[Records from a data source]
━━━━━━━━━━━━━━━━
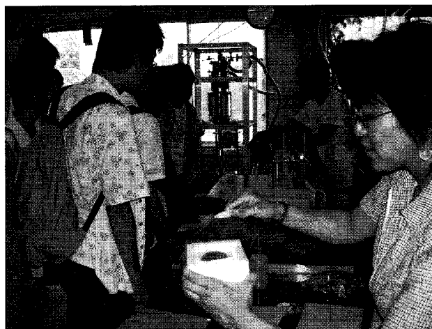
図 2. オープンキャンパスの風景。手前は高温超伝導物質の浮遊実験のデモンストレーション。

青葉山地区の極低温物理学部は本年も理学研究科のオープンキャンパスに参加し、高校生向けに低温関係の簡単な公開実験を行いました。オープンキャンパスはこれから東北大学を志望しようとする高校生向けに、大学の授業内容や研究内容を知ってもらうために一般公開する目的で行われています。期間中、実験室には来場者が途切れることなく訪れ、混雑時には行列ができるほど盛況で
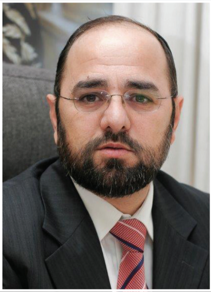
ח"כ יעקב מרגי

ע"פ החוק, רשות מקומית המשתתפת בתקציבי מוסדות חינוך רשמיים הפועלים בתחומה, תהיה מחויבת להשתתף בתקציביהם של מוסדות חינוך מוכרים לא רשמיים הפועלים בתחומה
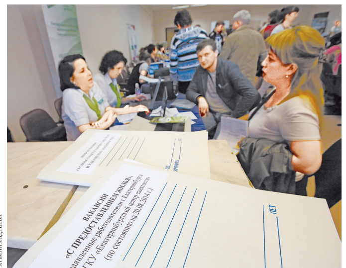
Две трети работодателей предоставляют места для проживания, а также компенсируют аренду жилья.
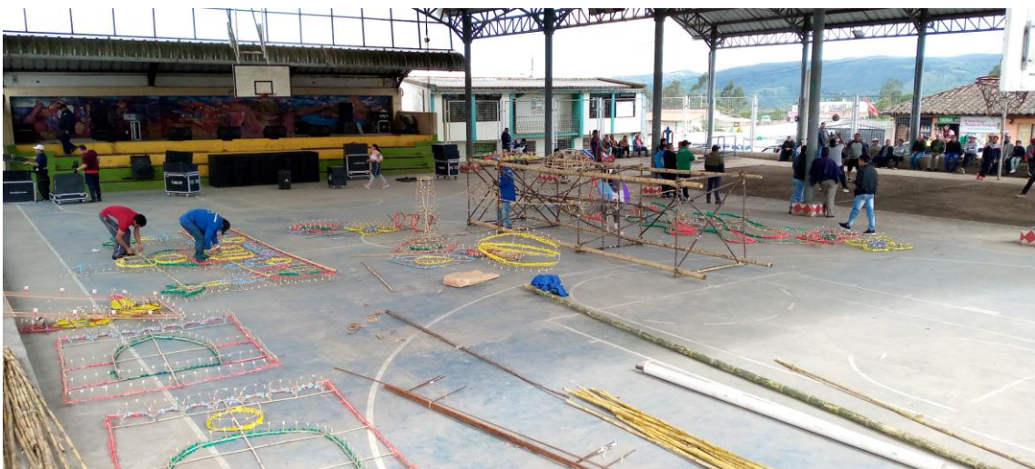
Construcción del Castillo
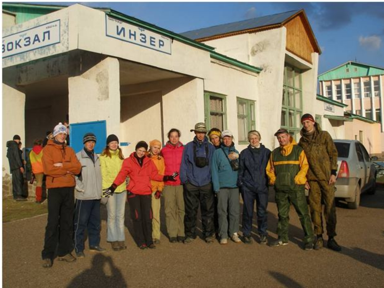
Фото №10. На станции Инзер – переезд на реку Малый Инзер.
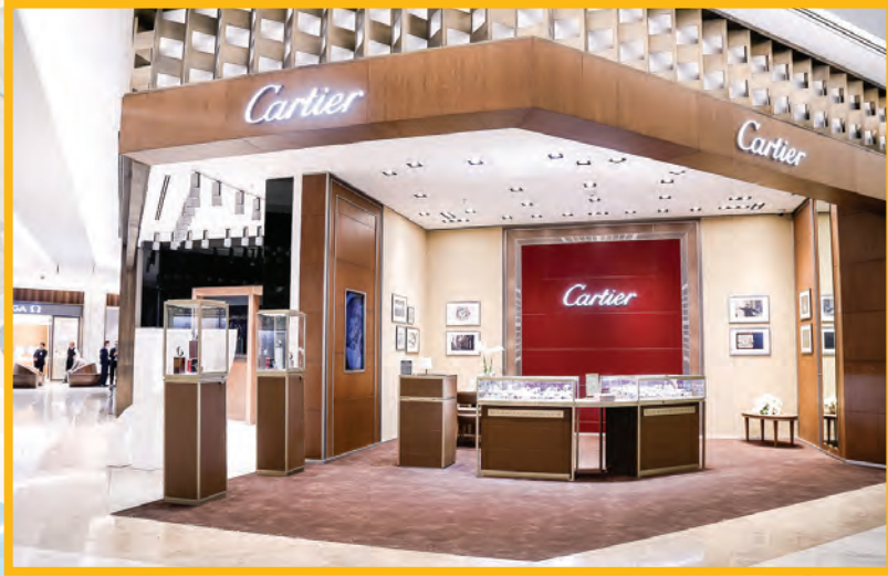
Cartier: se muestra con todo su esplendor y selección de producto.
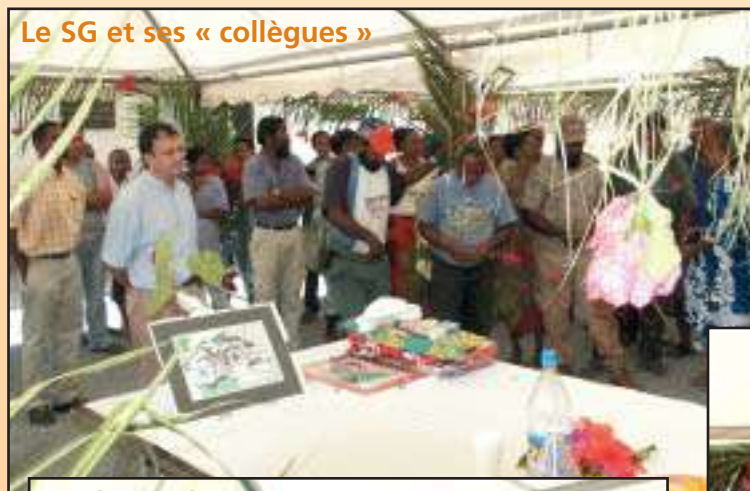
La flèche faitière de Canala
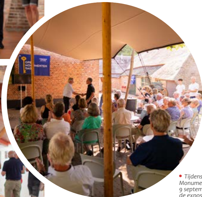
• Tijdens Open Monumentendag op 9 september opende de expositie 'Het trekpaard leeft'.
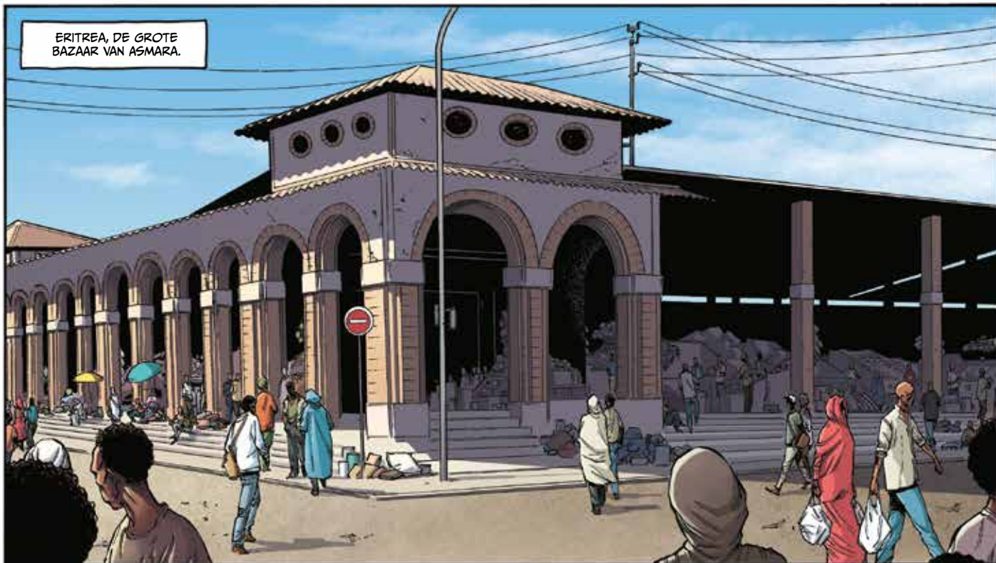
ERITREA, DE GROTE BAZAAR VAN ASMARA.
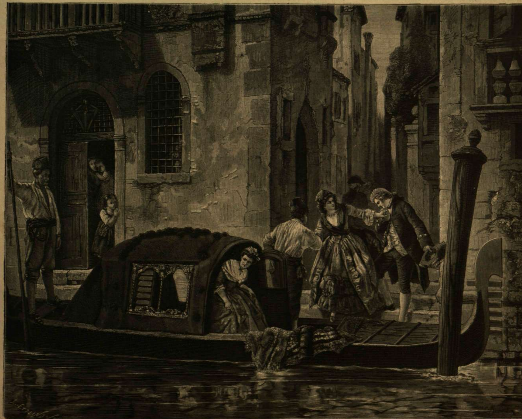
VELENCEI DISZGONDOLA A MULT SZÁZADBÓL.

körül Rivoalto nevű kis várossá tömörültek össze, a melynek lakói minden városnegyedben egy-egy tribunt választottak, míg aztán közös előjáróul 697-ben neveztetett ki az első doge. Majd megkezdődtek az ősi alkotmányban szűkségessé vált módosítások és változtatások, melyeknek következtében az ugynevezett örökös nemesek minden állam-hivatalt kezökbe kerítették s a dogei méltóság hatalom nélküli
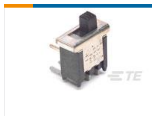
TE 产品编号1571982-4 TSS11EGPC04=SLIDE SWITCH SPDT
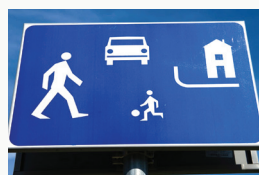
Wjeżdżając w strefę zamieszkania kierowcy często zapominają o obowiązujących w niej przepisach ruchu drogowego

- W strefie zamieszkania dopuszczalne jest kierowanie hulajnogą elektryczną lub urządzeniem transportu osobistego (deskorolka elektryczna, elektryczne urządzenie samopoziomujące) przez dziecko w wieku do 10 lat wyłącznie pod opieką osoby dorosłej.
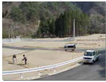
3月29日 松前沢団地の造成工事が完了。4月には災害公営住宅の建築が始まった
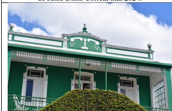
Imagem 03: Detalhes do imóvel. Fotografia de Jaíne Diniz Corrêa, mai/2024.
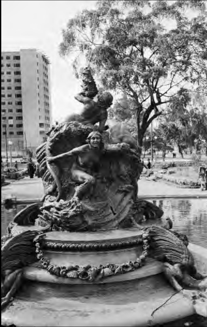
Fuente elaborada por Francisco Antonio Cano, Felix María Otalora y José C. Rodríguez. Inaugurada el 25 de Octubre de 1920, emplazada en el Parque de la Independencia. Fue retirada para dar paso a las obras de viaducto de la calle 26.
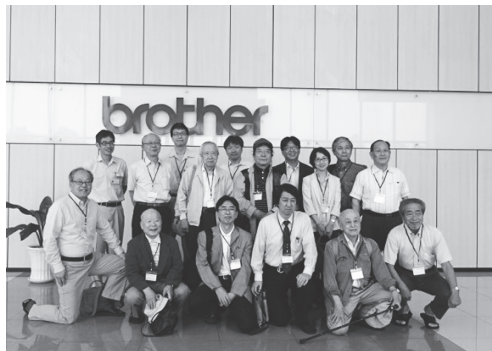
【写真7】ブラザー（Brother Industries Saigon, LTD）を訪問
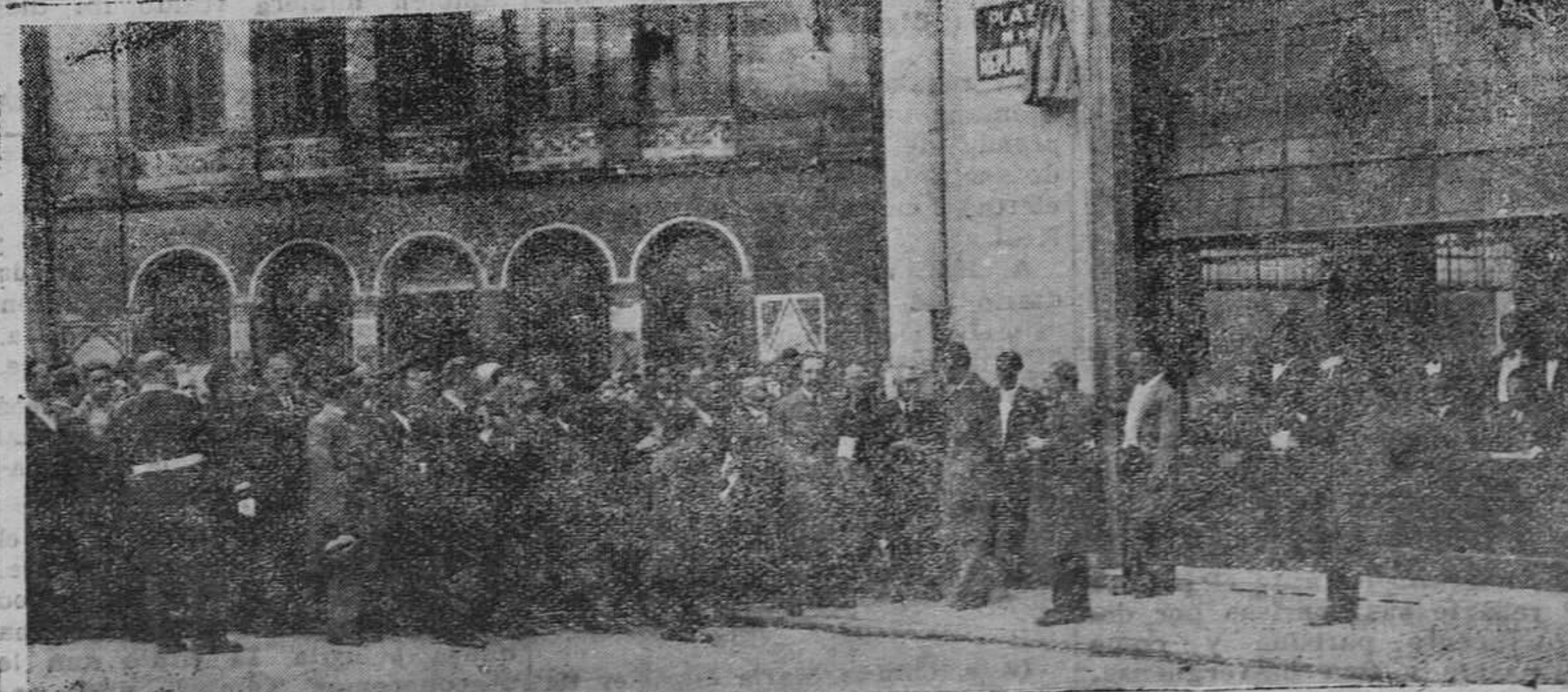
GOBIERNO.—El descubrimiento de la placa en la plaza de la República. En la foto están todos los que han asistido.
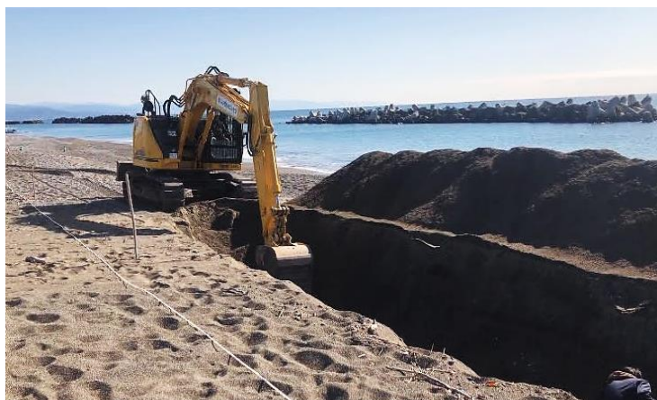
図-2 海浜トレンチの掘削状況
━━━━━━━━━━━━━━━━
#### Brief:
Looking at the records above, which lines contain "zamieszkania"? Copy those lines.

#### The answer:
Wjeżdżając w strefę zamieszkania kierowcy często zapominają o obowiązujących w niej przepisach ruchu drogowego
- W strefie zamieszkania dopuszczalne jest kierowanie hulajnogą elektryczną lub urządzeniem transportu osobistego (deskorolka elektryczna, elektryczne urządzenie samopoziomujące) przez dziecko w wieku do 10 lat wyłącznie pod opieką osoby dorosłej.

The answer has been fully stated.